A categoria “Expressão de subjetividade”, por sua vez, remete àquilo que Bourdieu chama de “disposições”, ou seja, ao habitus dos agentes. E é justamente por meio do habitus, no papel de disposição interiorizada e geradora da prática, que a teoria bourdieusiana explica como os agentes podem alterar inconscientemente a estrutura em que estão inseridos (WACQUANT, 2007; BOURDIEU, 2007a; BOURDIEU, 2009a). É esta possibilidade de “expressão de subjetividade” do agente que faz da teoria elaborada por Pierre Bourdieu uma tentativa de romper com o paradigma estruturalista, propondo uma forma de Estruturalismo permeada pela agência (THIRY-CHERQUES, 2008; WACQUANT, 2006).

Os diferentes capitais surgiram sempre de duas formas, numa valência positiva para todos eles, que permitem que os agentes assumam uma posição de superioridade, ou num valência negativa, à exceção do Capital Social, fazendo com que os agentes sejam expostos em posições de inferioridade. As categorias empíricas relacionadas ao Poder Simbólico e à Violência Simbólica também seguiram a mesma lógica dual, por meio da posse dos capitais os agentes procuram ter seu poder simbólico elevado dentro do campo (Reforço de autoridade). Em contra partida os agentes com poucos capitais acabam por ter sua falta de poder explicitada, enfraquecendo-se perante os demais agentes no contexto de disputa (Exposição da falta de autoridade). Quanto à violência simbólica, suas duas formas de manifestação estão diretamente relacionadas às classes dominantes (Ampliação de domínio), que procuram se fortalecer ainda mais, atacando as classes inferiores, e à classe dos dominados (Resistência ao domínio), que buscam expor os dominantes para enfraquecê-los.

5.2. A estrutura de relações entre as categorias empíricas

Uma vez expostas as categorias empíricas, suas funções e facetas, apresentaremos agora a estrutura de relações elaborada a partir dos dados coletados ao longo da pesquisa. Estas relações foram determinadas por meio da presença de diferentes categorias em uma mesma interação, categorias que foram articuladas a partir da teoria da prática de Bourdieu. A Figura 3 traz todas as relações eliciadas no campo de consumo de vinhos do Vale do São Francisco. As 14 categorias são diferenciadas por meio de suas tonalidades e formas.

A fim de ilustrar como se deu a relação entre as categorias empíricas, apresentaremos um trecho de interação, explorando as relações presentes nele.
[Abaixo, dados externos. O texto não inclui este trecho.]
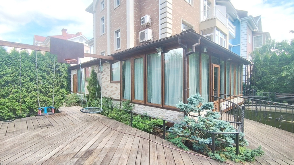 Предлагаем купить таунхаус в Северо-Западном округе г. Москвы, в районе Куркино, в двух километрах от МКАД по адресу: Куркинское шоссе дом 40, на закрытой охраняемой территории. Участок угловой, обособленный, закрытый от соседей. Таунхаус общей площадью 300 кв.м., 4-х этажный, потолки порядка 3-3.5 м. Магистральный газ, центральное водоснабжение и канализация, приточная вентиляция. На 1 этаже расположены: кухня, две комнаты, санузел, котельная, хамам, теплая беседка. На 2 этаже расположены: кухня-столовая, спальня, санузел. На 3-м этаже: три спальни, санузел. Полностью подготовлен под отделку 4 этаж, проведено отопление, кондиционирование, утеплены стены, установлено окно, обустроена удобная лестница. Таунхаус в отличном состоянии, с мебелью и необходимой бытовой техникой и сантехническим оборудованием. Земельный участок 3 сотки, благоустроен. На участке имеется пруд с различными видами рыб, детская игровая площадка, летний с подогревом от котла бассейн под навесом, приусадебный участок с высаженными плодовыми деревьями и кустарниками, навес под машину, по периметру растут порядка пятидесяти туй трех видов. Парковка на четыре машины. Солидные соседи. Въезд осуществляется через КПП со стороны улицы Воротынская и Куркинского шоссе.

Em um jantar entre amigos, conversava com uma amiga na cozinha, quando sugeri: “Quer um vinhozinho?”, ao que ela respondeu: “Eu acho que eu vou tomar o espumante logo”. Neste instante o convidado simpático, aproximou-se interessado e falou animadamente para a moça: “Eu topo!”. Então ela disse, com a garrafa em suas mãos: “Espumante, eu gosto dele mais geladinho. Vou dar um tapa nele no freezer”. Enquanto colocava a garrafa de espumante Rio Sol no congelador ela complementou, contundente: “Eu quero nem saber. Não é pra botar em freezer não, mas...”. E o convidado simpático comentou num tom blasé: “Tem essa história de que o resfriamento tem de ser gradual e lento não, né?” (J.01 – I.1; P.3).

 

Nesta interação podemos perceber, por meio do tom, entoação e conhecimento de mundo dos interagentes, a relação que se estabelece entre “Conhecimento vínico” e “Aproximação dos códigos vínicos”, uma vez que tanto o rapaz quanto a moça demonstram serem consumidores experientes ao citarem a indicação de resfriamento adequado do vinho. Estas duas categorias empíricas se relacionam com “Preservação da ordem”, pelo fato de os consumidores fazerem referência a uma prática estabelecida como correta no campo de consumo de vinhos como um todo. No entanto, em contrapartida, a categoria “Subversão da ordem” se faz presente e estabelece relação com as mesmas categorias quando os consumidores indicam uma inclinação à insubordinação, indo de encontro à regra.

Figura 3. Estrutura de relações Fonte: Elaboração do autor.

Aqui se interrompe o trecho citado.